The use of Seiko's proprietary High-Definition Sapphire Crystal with the also proprietary 99.9% Clarity Coating (anti-reflective coating) plays a strong role in legibility as well. High-Definition Sapphire, developed by Seiko, creates a perfectly crystal clear view of the dial without distortion typically caused by the domed shape. This is even true in the heavily domed, box-shape sapphire crystal, which actually took Seiko 4 years to develop. The Clarity Coating was developed in order to eliminate reflection, without the typical blue glare you find in other anti-reflective coatings. 

All that goes into Grand Seiko design is rigorously contemplated and examined with longevity in mind. Design that will not go out of style. Design that withstands the test of time. Design that has been with the brand for over 50 years. This dedication to longevity is taken even a step further by being baked into the very fabric of the construction of the watches: all components have been designed to be easy to disassemble and repair; essentially, Grand Seiko is designed for generations to come.

Stay tuned for Part 3 - Case Manufacturing and Zaratsu Polish Finishing


----------



## zuiko

Wonderful write-up and detail.

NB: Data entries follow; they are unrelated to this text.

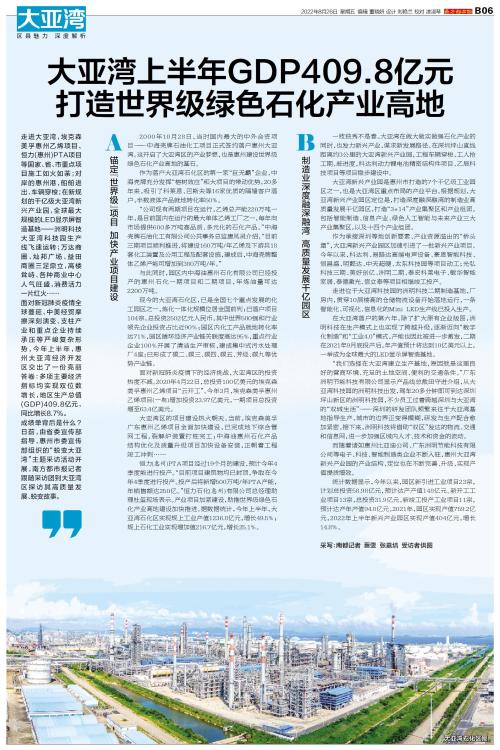 大亚湾上半年GDP409.8亿元 打造世界级绿色石化产业高地
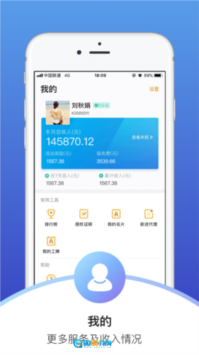 3.每位用户都可在个人中心页面查看自己的个人业绩。
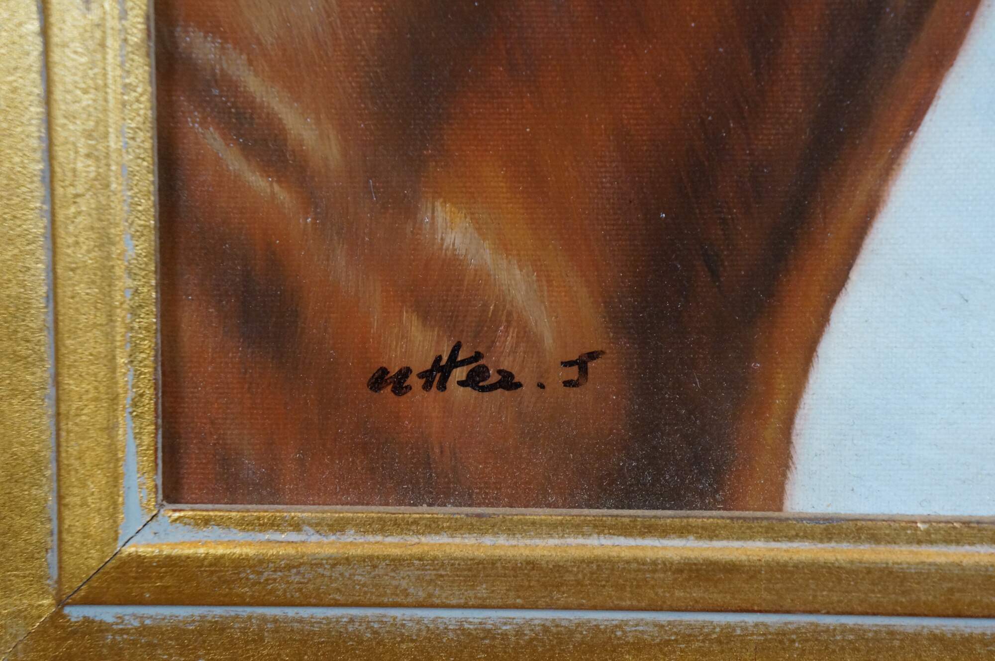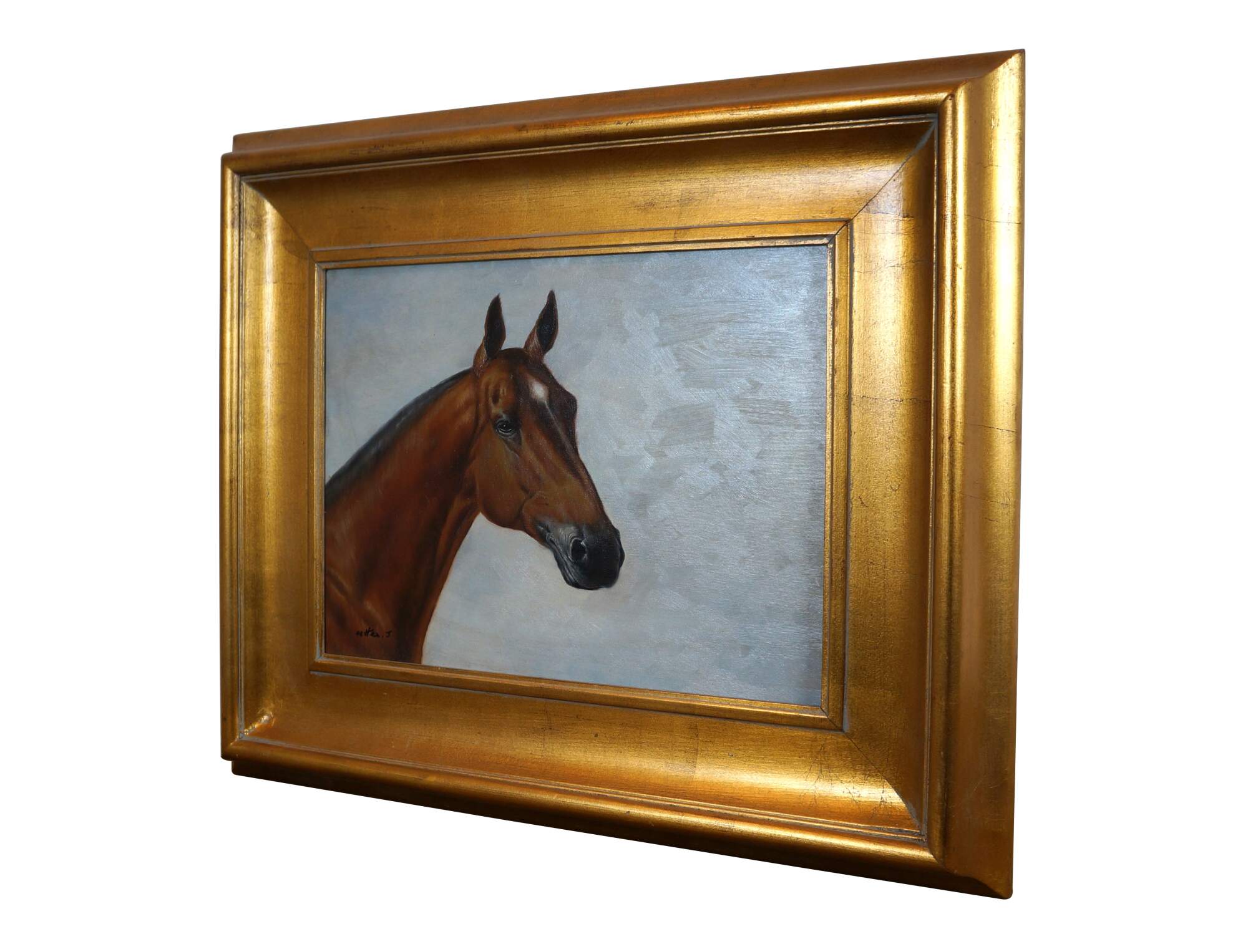 Late 20th century oil painting on canvas of the head / bust of a brown horse with black mane and muzzle, and a white blaze on the forehead. Signed in lower left corner (Utter J). Beveled gilt wood frame.

Thank you.


----------



## T1meout

Joe, thank you for sharing.
This thread could use some additional pictures of the sbgw047.
So here you go:


----------



## ahonobaka

Thank you Joe, the write up is excellent!

I'd like to learn more about the sport models, particularly the divers; Are you able to speak to the design cues, how the "grammar" is/isn't applied and for what reasoning, and finally the construction areas where they differ from non-sport models?

Can't thank you enough for this material!


----------



## Pencey Prep

Enjoying reading this as much as the 1st instalment. Great work.


----------



## Laso1

Joe, once again you have put together a well thought out and informative post. Thank you.


----------



## whineboy

Thank you very much for sharing your knowledge and lovely photos, Joe. The GS community is full of kind people.


----------



## SimpleWatchMan

Another great article. |>


----------



## tomatoes

I'm about to pull the trigger on an SBGW047 within the next 2 weeks.
but I'm also thinking to myself if it is going to be redundant (read: me being greedy) since I've already the SBGW031 which I haven't worn since receiving it new 3months ago! I have been waiting for a special occasion to wear the 031 but none seem in sight o|

I am however, excited at the prospect of owning 2 of the most minimalist watches from the GS brand! :-!


----------



## T1meout

tomatoes said:


> I'm about to pull the trigger on an SBGW047 within the next 2 weeks.
> but I'm also thinking to myself if it is going to be redundant (read: me being greedy) since I've already the SBGW031 which I haven't worn since receiving it new 3months ago! I have been waiting for a special occasion to wear the 031 but none seem in sight o|
> 
> I am however, excited at the prospect of owning 2 of the most minimalist watches from the GS brand! :-!


I don't need an excuse and wear my 047 whenever I feel like it regardless of my attire. I even intend to wear it while wearing semi formal/ dressy shorts this upcoming summer. Life is to short not to enjoy the things we really like whenever we please.


----------



## JoeKirk

T1meout said:


> Joe, thank you for sharing.
> This thread could use some additional pictures of the sbgw047.
> So here you go:


Haha! Totally necessary since it is the founding piece contributing to design! Where's the wrist shot?!


----------



## JoeKirk

ahonobaka said:


> Thank you Joe, the write up is excellent!
> 
> I'd like to learn more about the sport models, particularly the divers; Are you able to speak to the design cues, how the "grammar" is/isn't applied and for what reasoning, and finally the construction areas where they differ from non-sport models?
> 
> Can't thank you enough for this material!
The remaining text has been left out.